DomainError with -3:
sqrt: input must be non-negative.
Stacktrace:
[1] mysqrt(x::Int64)
@ Main ./In[24]:4
[2] top-level scope
@ In[24]:10
Docstrings come before the function in triple quotes. Note that I figured out the syntax below (e.g., use of jldoctest) by looking at Julia source code.
"""
times3(x)
Multiplies the input by three.
The return type is the same as the input type.
# Examples
```jldoctest
julia> x = 7.5;
julia> times3(x)
22.5
julia> x = [7.5, 3];
julia> times3.(x)
2-element Vector{Float64}:
22.5
9.0
```
"""
function times3(x)
return 3*x
end
If you do that, you can then do ?times3 to see the docstring. Nice.
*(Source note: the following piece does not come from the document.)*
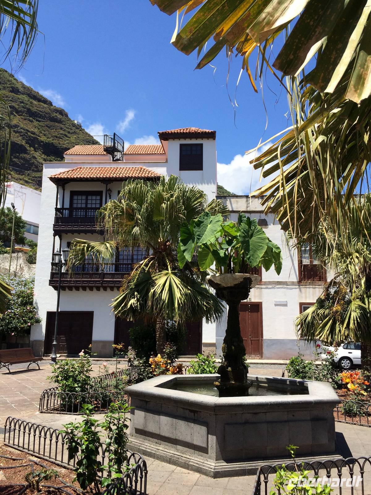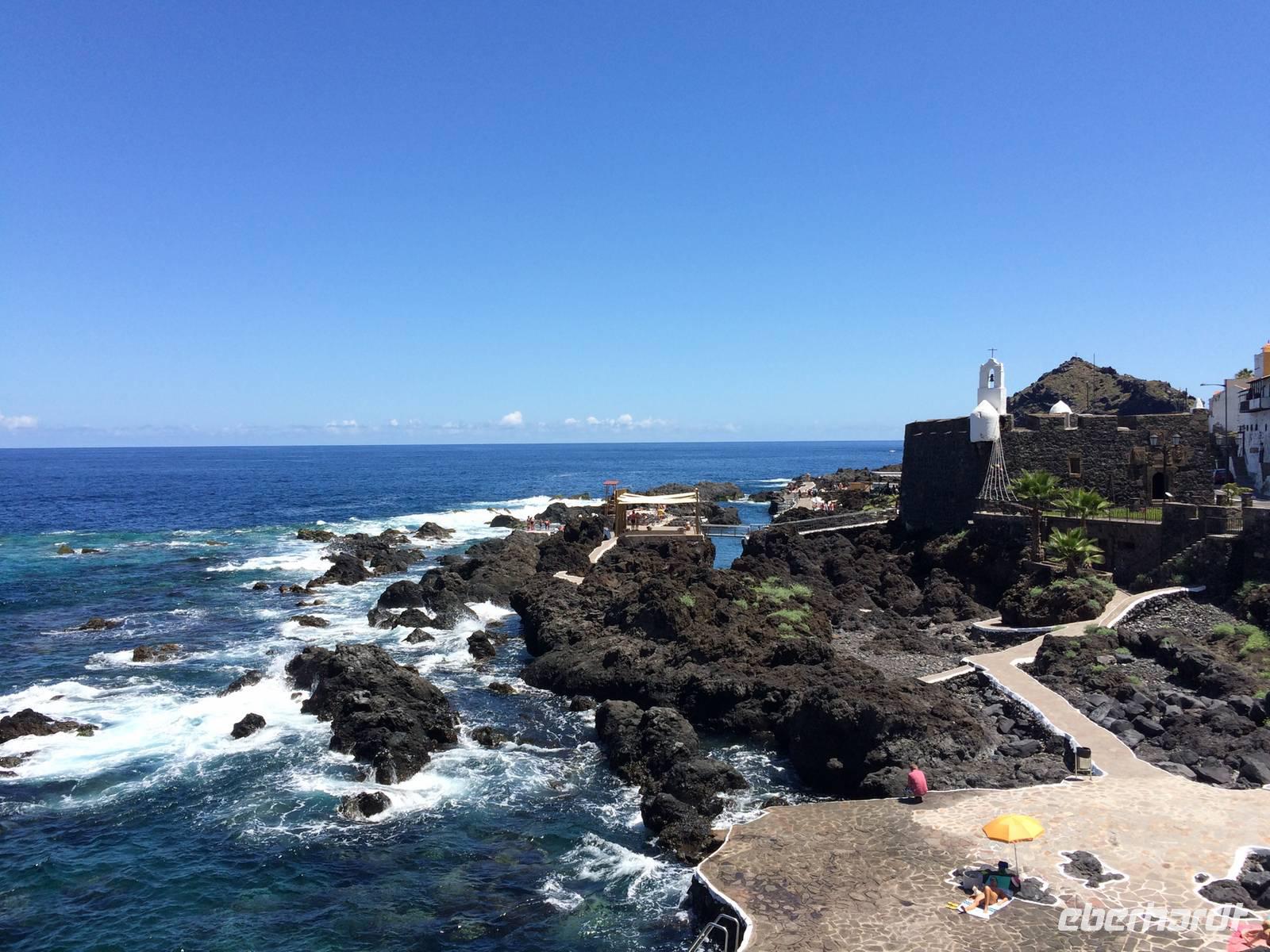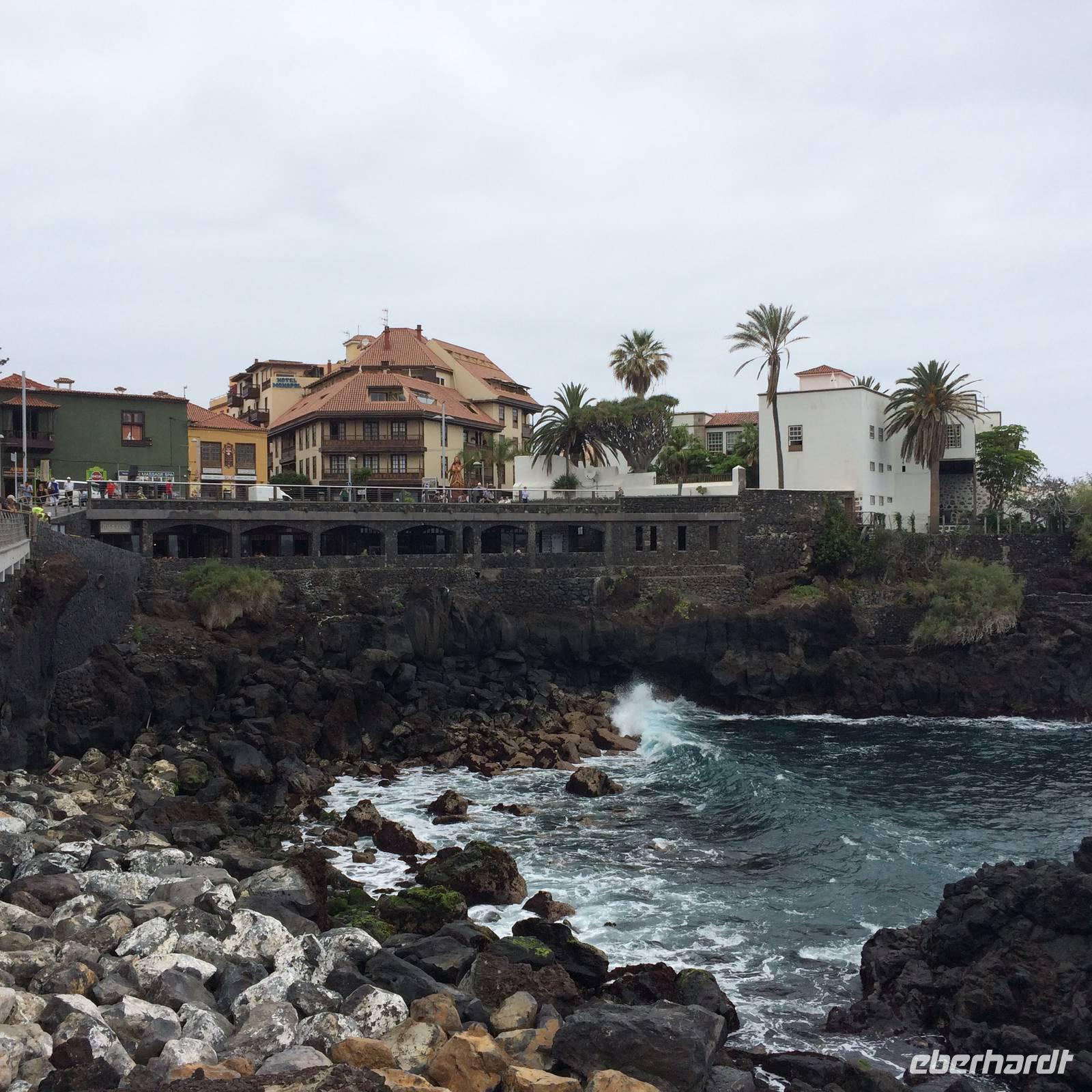 Weiter geht es in die Innenstadt von Puerto de la Cruz, der erste touristische Ort der Insel. Englische Besucher haben diese Gegend Ende des 19. Jahrhunderts als Urlaubsziel ausgesucht. Berühmt ist die Stadt für den farbenprächtigen Karnevalsumzug, der An der brandungsreichen Felsenküste spazieren wir bis zum Hauptplatz Plaza del Charco, was soviel wie Pfütze bedeutet. Bei Sturm sammelte sich Meerwasser, welches vom Hafen überschwappte und diesen Platz füllte. Zwischen Palmen und Lorbeerbäumen vernaschen wir spanische Tapas in einer kleinen Tasca (Tapasbar).

We’ll cover testing separately.
You can run the tests for an existing package like this:
Pkg.test("CSV")@)Macros modify existing code or generate new code. They’re a convenient shortcut to do a variety of things.
We’ve already seen assertions related to messaging.
Here’s a basic example of timing some code:
@time 3 + 7; 0.000001 seconds
The @. broadcasting macro ‘distributes’ the . broadcasting to all operations. These two lines of code are equivalent.
@. x^2 + y^2 ≤ 1
x.^2 .+ y.^2 .≤ 1Macros execute when the Julia code is parsed, before the code is actually run.